How Time Works Against You
Every day that passes chips away at the extrinsic value of your call. This erosion is called time decay, measured by a Greek letter called theta. If your option has a theta of -0.05, it loses about $5 per day (per contract) just from the passage of time, assuming everything else stays the same.
The critical thing to understand is that time decay accelerates as expiration approaches. An option with 60 days left loses value slowly. That same option with 10 days left loses value much faster. In the final week, the decline can be steep. This means the stock doesn’t just need to move in your direction; it needs to move quickly enough to outpace the shrinking time value. An option that expires reaches zero time value, leaving only intrinsic value (if any).
Closing the Trade: Sell or Exercise
Most call buyers never actually buy the 100 shares. Instead, they sell the option contract itself before expiration to capture the profit. This is called closing the position, and it’s almost always the smarter move.
Here’s why. If a stock trades at $99 and you hold a $90-strike call worth $9.50, exercising the option gives you 100 shares at $90, which you could sell for $99, netting $900 in stock profit. But selling the option contract at $9.50 nets you $950 in premium. That extra $0.50 per share ($50 per contract) is the remaining extrinsic value, which you forfeit if you exercise instead of selling.
Exercising also comes with practical costs. You need enough cash to buy 100 shares at the strike price, or you’ll pay margin interest to borrow it from your broker. You’ll also face additional transaction fees. For most traders, selling the contract back captures the full value of the position without tying up capital.
Exercising does make sense in a few narrow situations, like capturing a large upcoming dividend or when the option is so deep in the money that extrinsic value is essentially zero. But for the vast majority of profitable call trades, selling the contract is how you exit.
A Practical Example From Start to Finish
Suppose you think a $100 stock will rise over the next month. You buy one call option with a $105 strike price expiring in 30 days, paying a premium of $2.50 per share, or $250 total. Your breakeven is $107.50 ($105 strike + $2.50 premium).
Two weeks later, the stock jumps to $112. Your option now has $7 of intrinsic value ($112 minus $105) plus some remaining extrinsic value. The contract might be trading around $7.80. You sell it for $780, locking in a profit of $530 on your $250 investment. That’s a 212% return, while the stock itself moved about 12%.
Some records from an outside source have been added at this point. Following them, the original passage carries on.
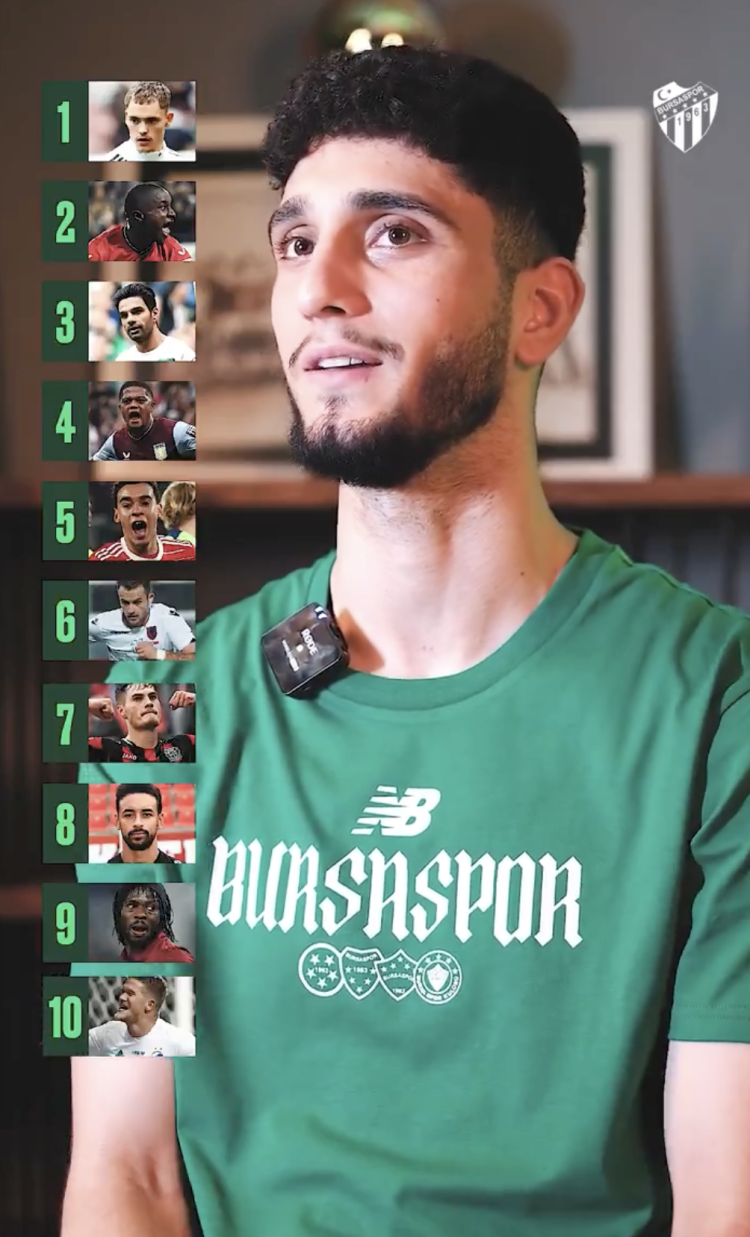 Bursaspor’un resmi sosyal medyasına verdiği demeçte 22 yaşındaki futbolcu listenin başına Florian Wirtz’i koyarken, tek Türk isim ise olarak ise Muhammet Demir’i tercih etti. Muhammet’le takım arkadaşı da olan Emrehan Gedikli, tecrübeli golcüyle 3’üncü sırada yer verdi.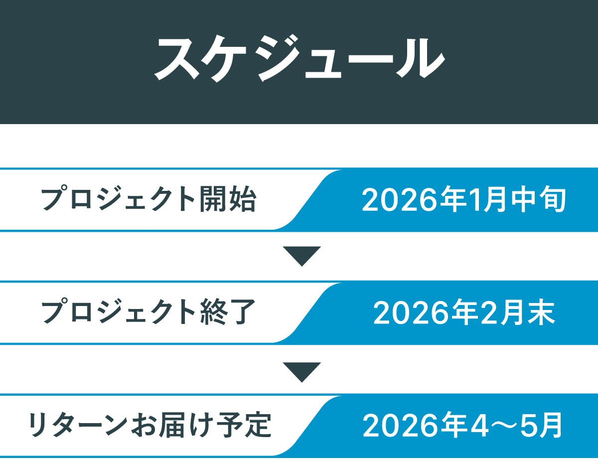 ●引渡し時期: 各リターン詳細に記載の発送予定月を引き渡し時期とします。但し、開発・生産状況によって遅れが生じる場合がありますのでその際は当プロジェクトページ内の「活動報告」または購入者へのメール等で連絡します。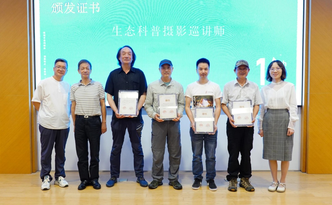 活动尾声,上海市科普作家协会第九、十届秘书长江世亮,上海市科普作家协会副理事长、上海自然博物馆展教中心教育研发部部长刘楠,共同为顾云芳、周勇、孙孝明、施斌四位老师颁发上海市科普作家协会科普摄影美术专委会“生态科普摄影巡讲师”聘书。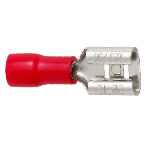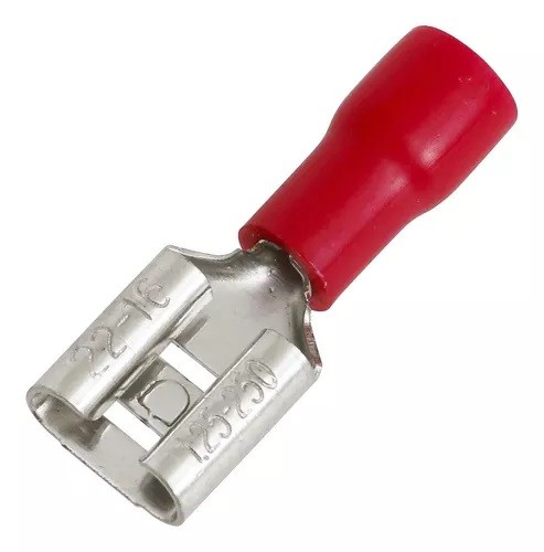 El terminal preaislado hembra es una pieza que se utiliza para terminar los conductores, con una cubierta de plástico para aislar la región donde el conductor está conectado al terminal. Está fabricado en cobre electrolítico, con un acabado estañado, lo que le confiere una alta conductividad eléctrica y resistencia a la corrosión. Se puede aplicar a paneles eléctricos, conexiones de motores, máquinas, cuadros de distribución eléctrica, entre otros.
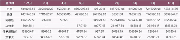 從數(shù)據(jù)來看,美國(guó)、巴西以及阿根廷為主要的進(jìn)口國(guó)。在下半年,埃塞比亞、哈薩克斯坦、貝寧幾個(gè)等幾個(gè)國(guó)家的大豆也成為我國(guó)的大豆補(bǔ)充國(guó)。國(guó)際大豆賣家紛紛涌入中國(guó)市場(chǎng),生豬需求旺盛是大豆需求增多的主要原因。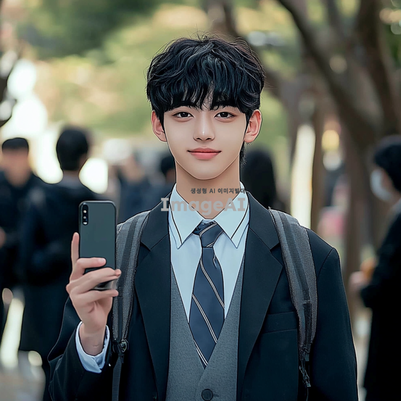 중학교 교복을 입고 증사를 찍고있는 남학생
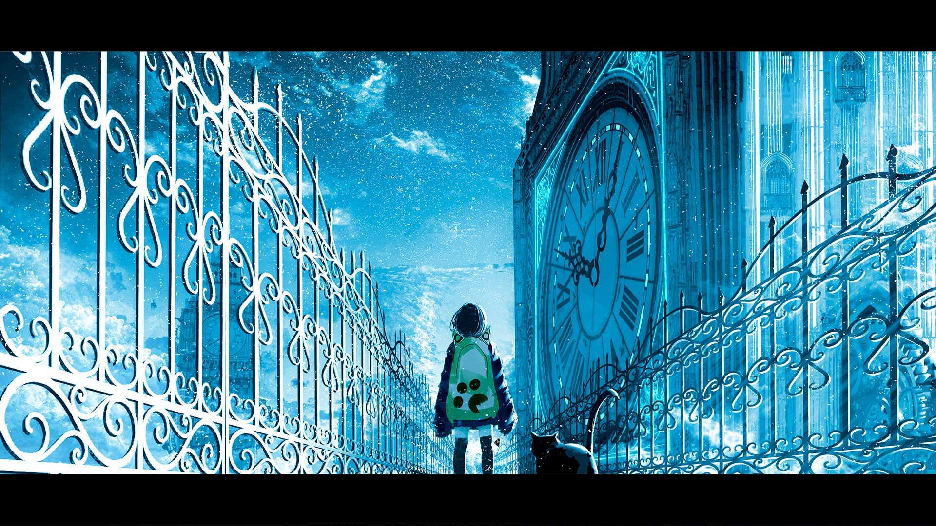 1girl animal_ears architecture arms_at_sides backpack bag black_background black_cat black_hair black_thighhighs blue_hoodie blue_sky blue_theme cat cat_ears cat_paw chooco_(chocoshi) clock clock_tower cloud elizabeth_tower facing_away fence framed from_behind giant gothic_architecture highres hood hoodie letterboxed light light_particles long_sleeves neon_trim original scenery shadow short_hair sky sleeves_past_wrists solo standing thighhighs tower walking wide_shot zettai_ryouiki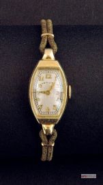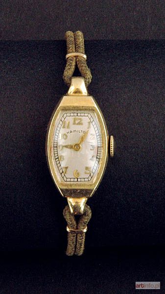 w złotej, beczułkowej kopercie, na brązowym pasku z dwu plecionek; tarcza srebrzona, matowiona, z nakładanymi złotymi cyframi arabskimi, ozn. na tarczy: HAMILTON, szybka soczewkowa; mechanizm z naciągiem ręcznym, 17 kamieni, ozn.: HAMILTON U.S.A. / 17 JEWELS, nr 721; ozn. na wewnętrznej stronie koperty: HAMILTON WATCH Co. / 14K GOLD / LANCASTER PA. / K 195571; ozn. na zewnętrznej stronie koperty: HAMILTON 14K / GOLD; ozn. na zapięciach paska: MADE IN USA / PAT. 2131454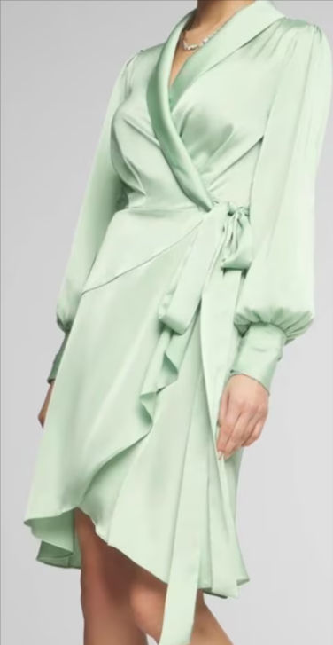 Draped in sophistication, the Long Sleeve Satin Wrap Mini Dress from the Special Event category embodies timeless allure. Paired with the Multi-Strap Heels from the Shoes category, this ensemble exudes modern charm. Completing the ensemble, the Silver Crystal Linear Drop Earrings from the special event category bring a dazzling sparkle, framing your face with refined elegance. This curated combination captures the essence of glamour, making it the perfect choice for a memorable evening affair.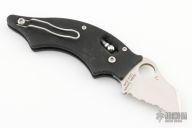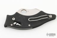 This DoDo from Spyderco features a satin finished serrated hawkbill blade with thumbhole. The handle is black G10 with a tip up clip, right or left carry. Axis style lock with steel ball. Has a couple light scuffs, otherwise excellent condition.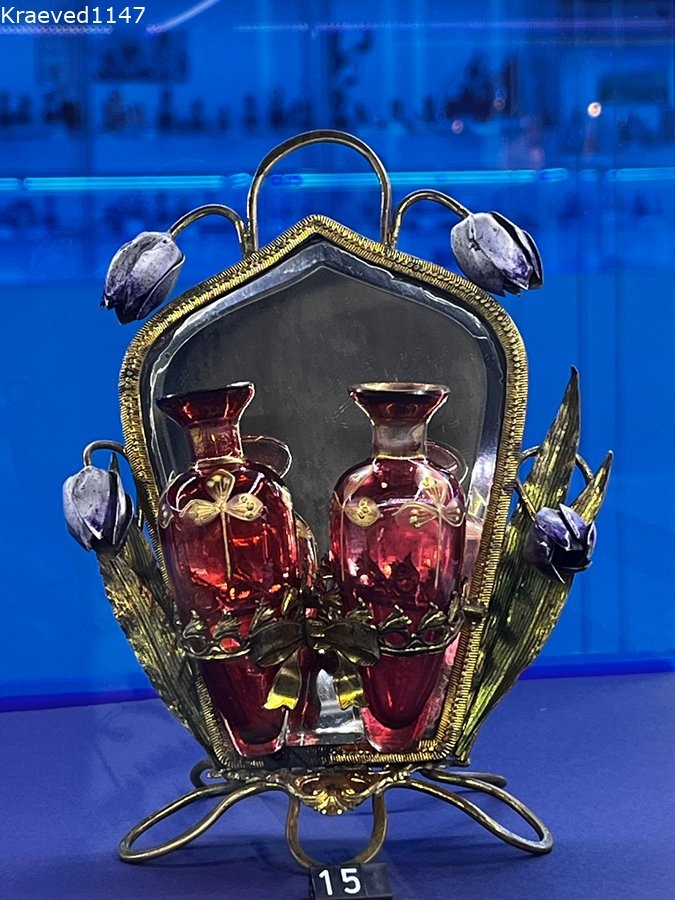 На многих выставках декоративного стекла мы встречали старинные флаконы для духов. Видели мы их в Государственном историческом музее, в художественном музее Пензы, там представляли работы стеклодувов Никольского музея стекла. Немного пузырьков хранится в собрании Ярославского художественного музея. Но то, что мы увидели на выставке из собрания Анны Мироненко. очаровало и восхитило. На выставке "Лалик. Красота вне времени" я впервые услышала слово "Лалик". Лалик - это имя и бренд. Рене Лалик - основатель ювелирной фирмы. В самом начале XX века партнёра Рене парфюмера Франсуа Коти озарила идея выпускать духи в оригинальных флаконах. Рене Лалик воплотил мысль, создавая изящные пузырьки для духов. Они стали настоящими произведениями искусства и предметом охоты для коллекционеров.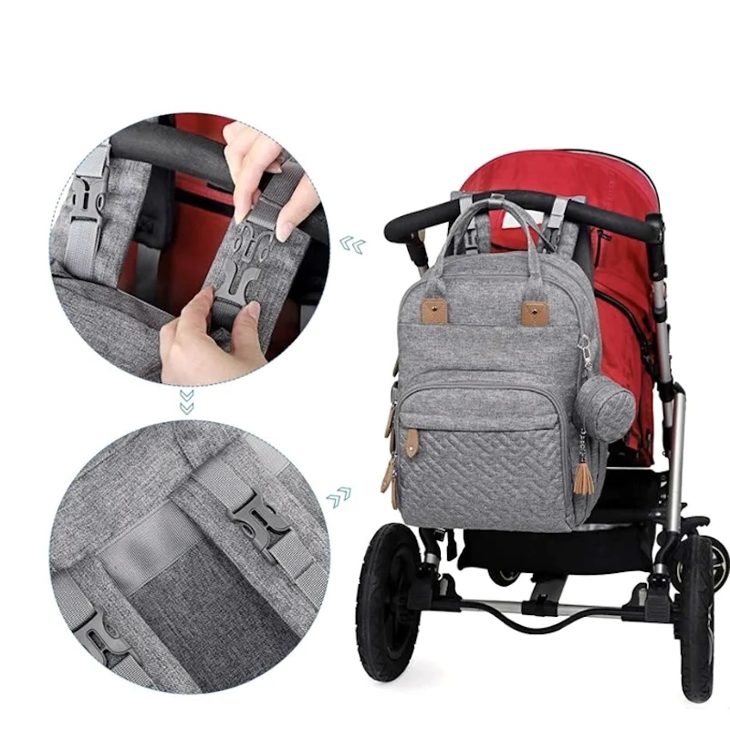Conforto e Praticidade: Alças largas e macias tornam o transporte mais confortável, enquanto o design em camadas da bolsa interna facilita o acesso aos itens essenciais. Com um gancho de carrinho incluso, suas mãos ficam livres para aproveitar momentos preciosos com seu bebê.

Now imagine the opposite. The stock drifts sideways, hovering around $101 for the full month. Time decay erodes the premium day after day, accelerating in the final stretch. At expiration, the stock sits at $101, below your $105 strike. The option expires worthless. You lose the $250 you paid, nothing more.
This example highlights the core trade-off of buying calls. You’re using a relatively small amount of capital to control 100 shares of stock, gaining leveraged exposure to the upside. But that leverage cuts both ways: the stock can move in your favor and you still lose money if it doesn’t move far enough or fast enough to overcome the premium and time decay.
Key Factors Before You Buy
- Strike price selection: Calls with strike prices far above the current stock price are cheaper but less likely to become profitable. Calls closer to or below the current price cost more but have a higher probability of paying off.
- Expiration date: Longer-dated options give the stock more time to move but cost more because of higher extrinsic value. Shorter-dated options are cheaper but lose value faster.
- Volatility: When the market expects big price swings, options premiums rise. Buying calls when volatility is already high means you’re paying a steeper price, and if volatility drops, the option can lose value even if the stock moves in your direction.
- Liquidity: Stick to options with tight bid-ask spreads. Wide spreads mean you’ll pay more to enter and receive less when you exit, eating into your returns.